Viruses reply to environmental stressors – temperature, humidity, environmental changes – and mutate until they find ideal conditions. Dengue fever demonstrates this: when the minimum temperature, previously between 15°C and 18°C, rises to 22°C, it creates the right environment for the virus to multiply more rapidly and the virus grows more rapidly. Similarly, we reached tens of millions of cases in the identical situation. Today, dengue fever is found all around the world: Germany, United States, Italy.
And this is applicable to other arboviruses, reminiscent of chikungunya. On November 12, Brazil had the very best incidence rate Chikungunya In Latin America, Rio Grande do Sul has the very best variety of cases. It is expounded to the imbalance of rain, storms and windstorms that cause viruses, bacteria and fungi.
Based on this diagnosis and biotechnological advances, firms reminiscent of Fucorose are developing recent vaccine platforms. If the virus is adaptive, we attempt to discover the critical point for intervention. But we should always not act only after the loss. Health care shouldn’t be yet able to face the climate crisis—not due to an absence of technology or professionals, but since the system operates reactively.
Diseases change rapidly. Healthcare cannot sustain with this pace. There is an absence of installed capability, coordinated monitoring, and coordinated response. Other countries face the identical problem. The challenge is to speed up team constructing, consolidate early warnings, and convey health care closer to climate modeling. When the National Center for Natural Disaster Monitoring and Alerts (Semdin) indicates a threat, as was the case in SĂŁo Sebasto, the signs were already there.
Anticipation and prevention
Prevention can also be weak in Brazil and Latin America. Culture is to act after the very fact. But the climate crisis requires behavioral change, urgent motion, monitoring and surveillance. There are necessary experiences, e.g The app is developed by Murcia Chim, from Focrozutilized by forest people to record dead animals. A possible yellow fever epidemic was thus prevented within the old, as non-human primates die first. Other diseases shouldn’t have such clear symptoms, and within the village, field surveillance is required.
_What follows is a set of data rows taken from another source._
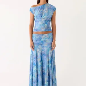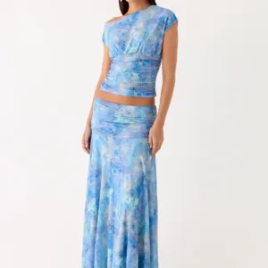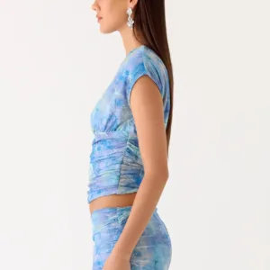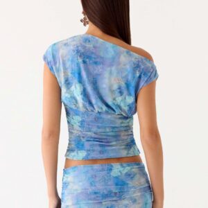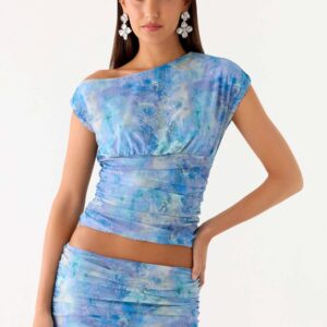 Asymmetrical Liana top with an asymmetrical neckline and gathered waist. Designed for a sleek, fitted silhouette, this striking top will add effortless flair to any evening look.
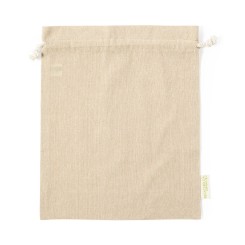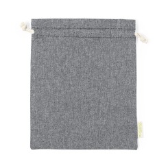 Bolsa eco-friendly en resistente material 100% algodón reciclado GRS de 120g/m2. Certificación GRS (Global Recycled Standard / Estándar de Reciclaje Global), que garantiza el origen reciclado del material usado para fabricar el producto. Cierre de cordón de algodón y acabado cosido, incluye etiqueta exterior con distintivo algodón reciclado.
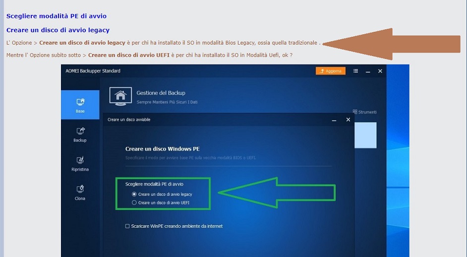 Ho effettuato un back up di sistema e ora debbo creare una chiavetta avviabile ma non capisco perchè alla richiesta "Scegliere la modalità PE di avvio" debbo selezionare ,secondo la guida del buon Tallines ,da "creare un disco di avvio legacy" e non come "creare un disco di avvio "UEFI". Posseggo Windows 10 PRO ovviamente in modalità UEFI. Grazie |
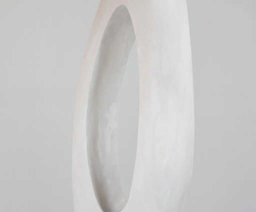 The Lacuna Lamp is a contemporary handmade sculptural gypsum lamp part of the Living Forms collection. The lamp is cast in gypsum and carved by hand. The Longing Lamp stands out as a stunning blend of fine art and functional design. It's a part of our limited Living Forms collection, which features unique, handcrafted sculptural lamps. Each lamp, including Lacuna Lamp, is carefully cast in plaster, hand-carved, and sealed with matt varnish. The uniqueness lies in its captivating form, organic abstract shapes reminiscent of something familiar yet unseen before, stimulating primal human senses.The Lacuna Lamp goes beyond ordinary lighting. It's a work of art that interacts intimately with its environment, stimulating emotions, promoting mindfulness, and fostering well-being. The lamp's innovative design and meticulous crafting process make it a valuable addition to any setting. Moreover, its purpose—to assist with anxiety and depression through mindfulness—underscores its worth.Lacuna Lamp is a hand-carved piece, cast initially in plaster and sealed with a matt varnish. Its black/gray tone-on-tone effect gives it a unique aesthetic appeal. Hidden inside are two dimmable LED lights that subtly illuminate the inner part of the sculpture. The lamp's condition is impeccable, having been crafted with the utmost attention to detail.The Lacuna Lamp is the product of a desire to connect art with functionality, drawing inspiration from the modernist philosopher Henri Bergson's intuitive approach. Each lamp in the Living Forms collection is designed to help people connect with their primal nature, leading to enhanced well-being. This is achieved by creating recognisable yet novel forms through traditional carving techniques and experimenting with pigmented plaster.The Lacuna Lamp is customisable in terms of colour, enabling you to choose a variant that best fits your space. It's wired for both the USA (120V) and Europe (220-240V), with two hidden dimmable LED lights inside. This handcrafted, limited edition lamp merges organic shapes and modern design elements, making it not just a lamp, but a meaningful piece of art that promotes tranquility and mindfulness.
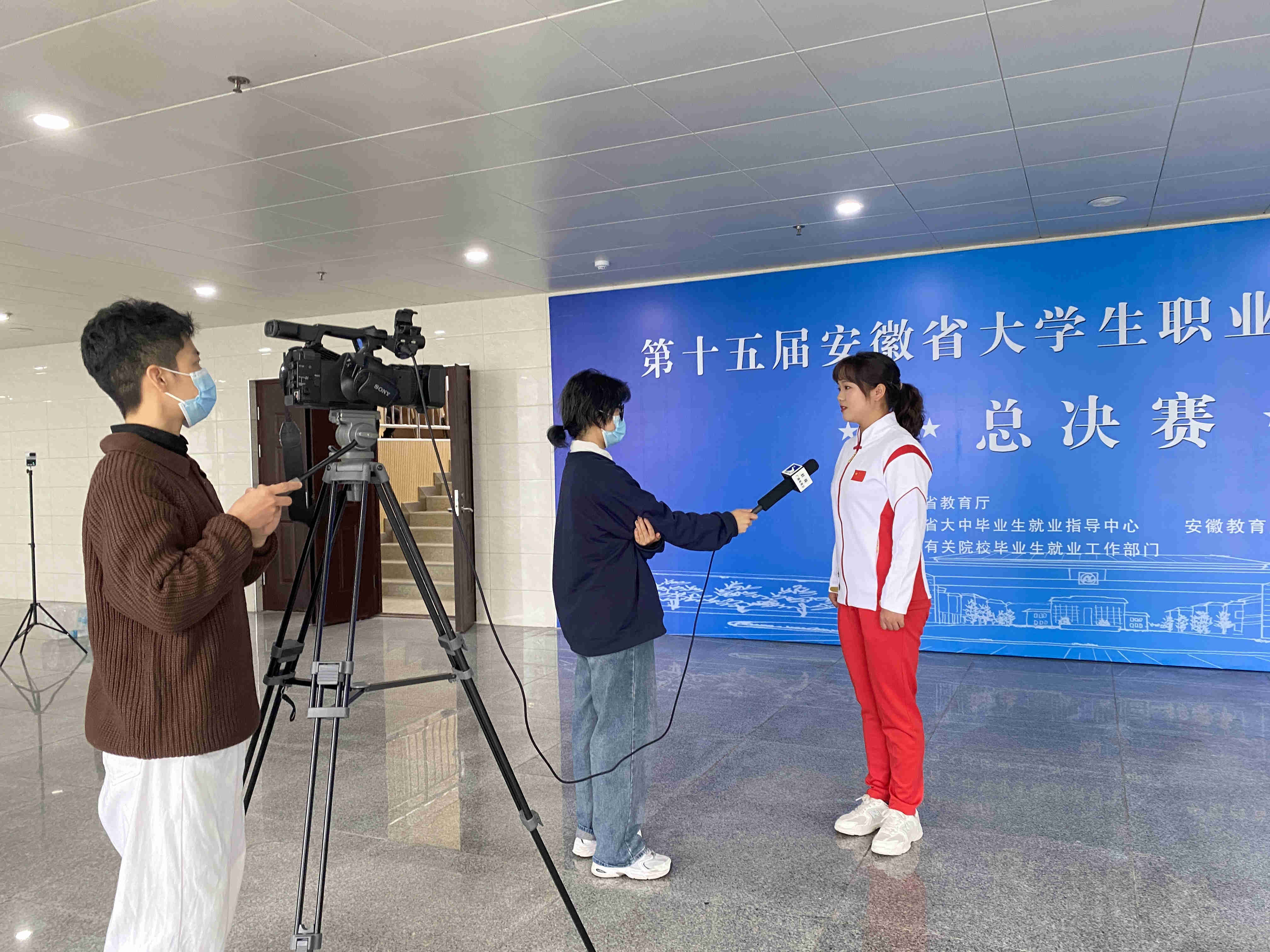 大赛结束后,贝博官网谈震同学接收蚌埠广播电视台的采访报道。
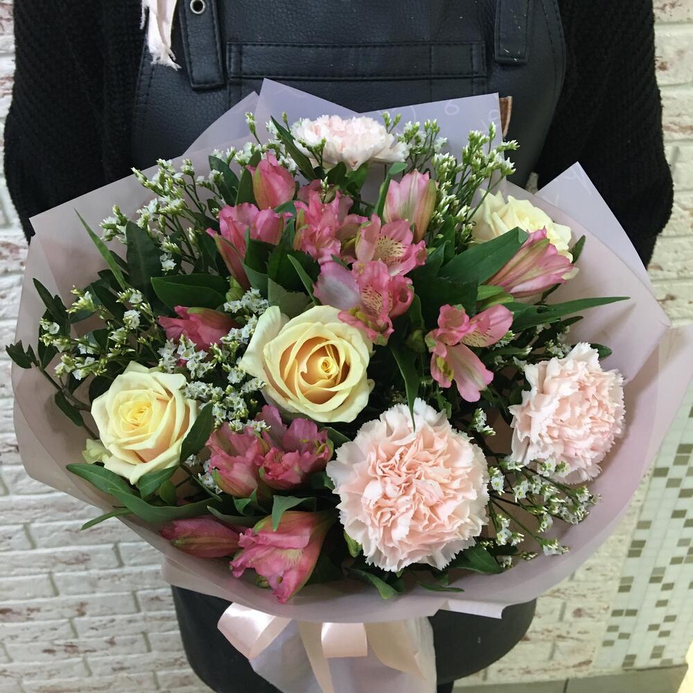 Нежный букет цветов в персиково-розовой палитре. Кремовая гамма роз гармонично дополнена пушистым диантусом и красивыми альстромериями.
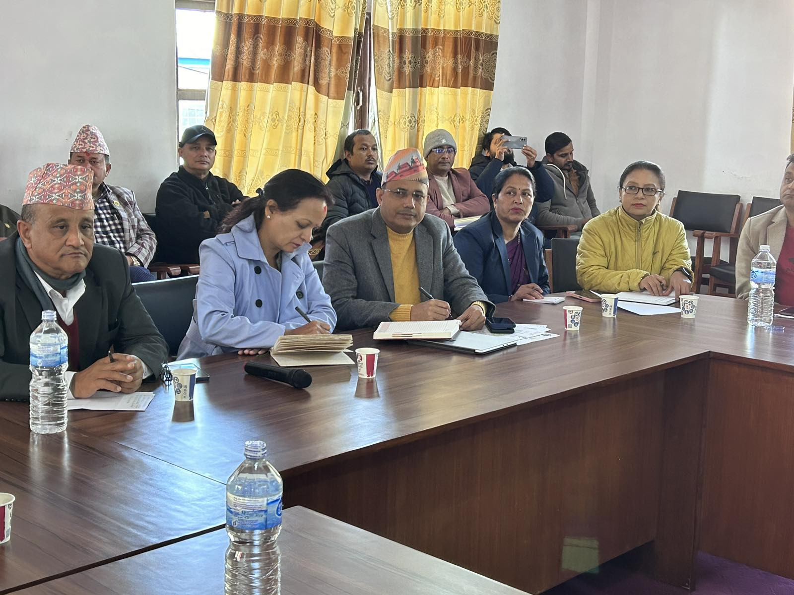 मिति २०८०।९।२७ गतेका दिन पाल्पा जिल्लाका प्र.जि.अ. श्री आनन्द काफ्लेको अध्यक्षता तथा लुम्बिनी प्रदेश, मुख्यमन्त्री तथा मन्त्रीपरिषदको कार्यालयका प्रमुख सचिव श्री राधिका अर्यालज्यूको प्रमुख आतिथ्यतामा जिल्ला विपद् व्यवस्थापन समितिको बैठकको क्रममा लिइएको फो
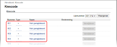 In stap 4 klikt u op [Verwijderen] rechts naast de bestemming die u wilt verwijderen, waarop deze wordt verwijderd.
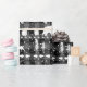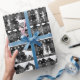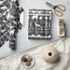 Un élégant papier d'emballage neutre de vacances avec un motif nordique de chandail d'hiver en plaid de buffle gris et noir, avec des animaux d'hiver blancs.
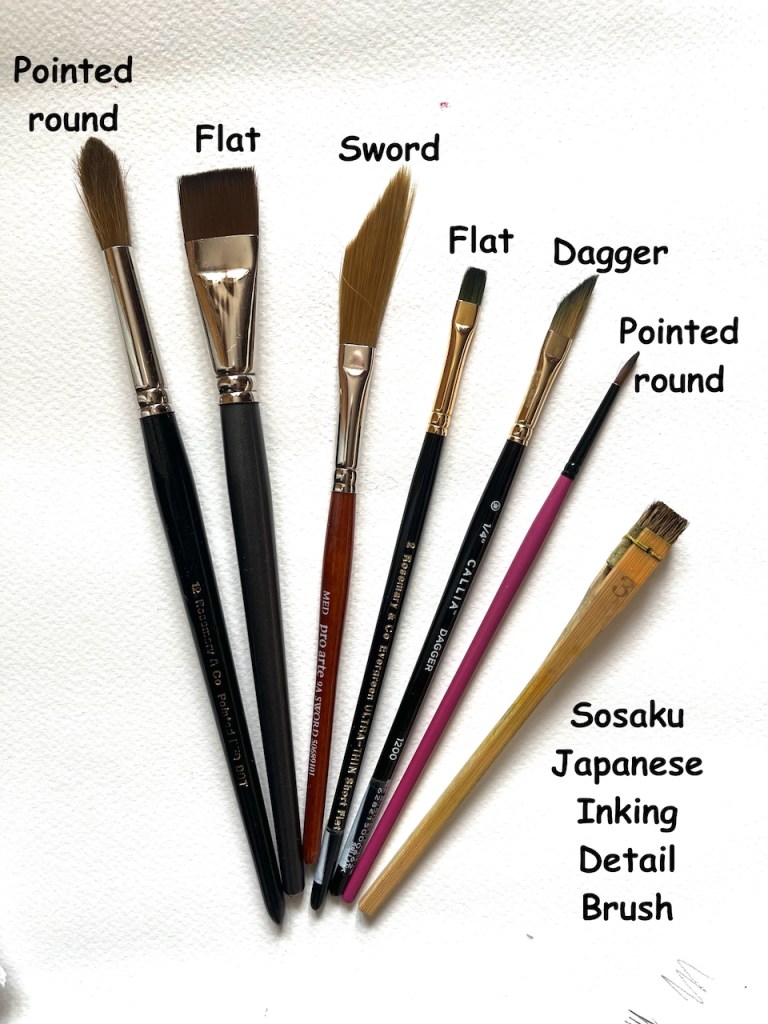 Here are the brushes I use. Mostly I used the large flat brush, which is from Rosemary Brushes. It is about an inch across.
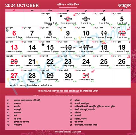 Oct 2024 Hindu Calendar

We also need specific programs for newly contacted indigenous people. People who haven’t yet been contacted are difficult to observe, but those that have recently been contacted will be monitored—and ought to be a priority in order that ongoing mutations don’t reach these populations and, later, the so-called white man. We have technical conditions. We know the right way to do it. What is lacking is political decision-making and resource allocation—which is clearly there, as evidenced by the increased parliamentary spending of taxpayers’ money.
Brazil has the whole lot it must be a pacesetter in Latin America: excellent institutions, qualified researchers, and countless partnerships. We have the means to mobilize, but we’re in holding mode. And here’s an indication of it at COP30 itself: people don’t make the connection between climate, environment and health.
Air conditioning is insufficient, heat and humidity are high, and lots of arrive exhausted and dehydrated. High temperatures and humidity disrupt homeostasis, especially for those with hypertension, diabetes or heart problems — a trigger that may result in anything from dehydration to death. I felt sick to disabled people and old people.
In a program about climate, health was not a central theme, even though it must have been. We presented one Report On communicable diseases, zoonoses, epidemics, vectors, viruses and climate, but health stays at present. Everything between climate, environment and health is here to see – and yet it stays unseen. Putting this urgency at the middle of the talk is what environmental health desires to do.